And so, by the spring of 1943, the allies have now cleared. The Germans out of North African are beginning to move north. And again, the question comes of, "Okay, shall we go through the English Channel? Or should we keep pressing our advantage in the Mediterranean?" And the British interest is clear, they agree to continue to plan for cross-channel invasion, which by this point is given the portentous name Overlord.
But ultimately, the British are far more interested in hunting and pecking and jabbing like a boxer as they would describe it all throughout the Mediterranean. And that leads through the summer of 1943 through a series of island attacks in the Mediterranean, the largest of which being Sicily. And then, in September of 1943, the first land attack against Italy, the boot of Italy at Salerno, which ultimately, comes off but is very close and is much closer than people remember.
And so, over the course of the end of 1943, there have been no major expansions of the operating theater. That's in part because there is a debate about where to go next, should they continue to press their advantage further East in the Mediterranean, the British are very keen to attack the Balkans and to put a much more heavy investment in Italy to capture the ancient city of Rome, for example. Whereas, the Americans are far more interested in finally returning to this Overlord plan.

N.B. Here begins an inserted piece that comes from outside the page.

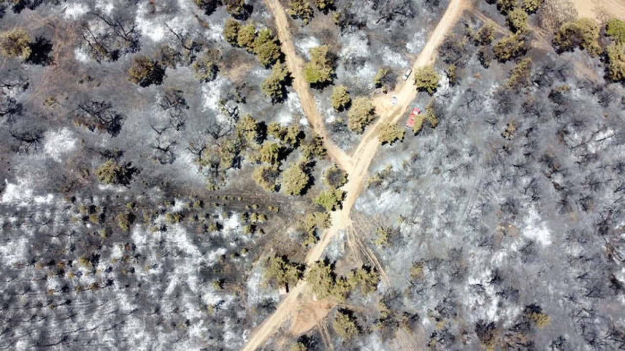 Yangında zarar gören bölge drone ile de görüntülendi.
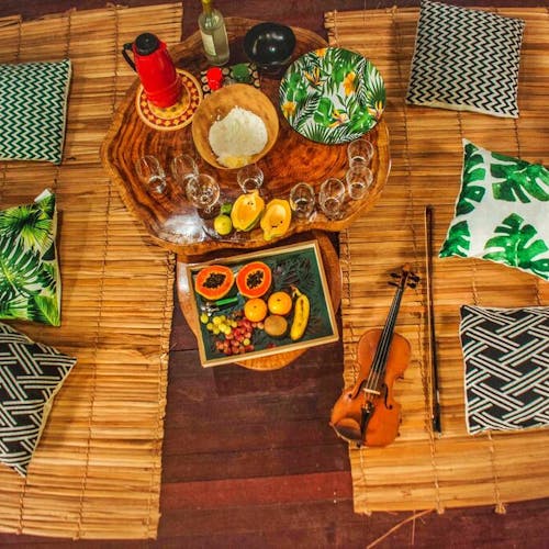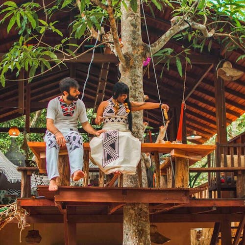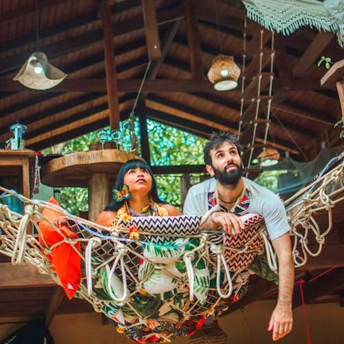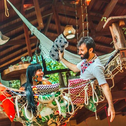Os anfitriões dessa experiência são totalmente envolvidos com arte: ele é músico e violinista da Orquestra Sinfônica Brasileira. Ela é We'e'ena Tikuna, indígena do Alto Rio Solimões.

And so, that by the time the Cairo Conference comes around in November of 1943, there's a great debate about, "Okay, what is the future direction of the board? Do we go across the English Channel? Do we open a new front and attack France? Or do we continue to press our advantage in the Mediterranean?" The British are adamant about continuing to press their advantage in the Mediterranean. They never really come around to Operation Overlord.
But the big change by the end of 1943 is that the United States is no longer clearly the junior partner. It may still be at the kid's table, but it's a very big kid to say the least. It's producing two to three times the number of airplanes and ships that the British or airplanes and trucks and tanks that the British are producing seven times as many ships.
So, even Britain's preeminence as the navy of the world is now, if nothing else doubted as a material matter, if not as a matter of prestige. And frankly, the British just need the United States. And so, are in a position or more or less forced into a position to at least come to a compromise. Compromise is also facilitated by FDRs burgeoning relationship with Joseph Stalin because as the war has continued, the Russians are the ones carrying out the land war and absorbing massive casualties as a result.
You have millions of men in combat from Ukraine all the way up to the Baltic. And the Russians are very eager to open a Western Front that will take pressure off of their lines. And so, at the Tehran Conference, which basically happens in the middle of this meeting between the British and American Chiefs of Staff in Cairo, Stalin goes all in and says, "The Mediterranean is a waste of time. Please send some men to France."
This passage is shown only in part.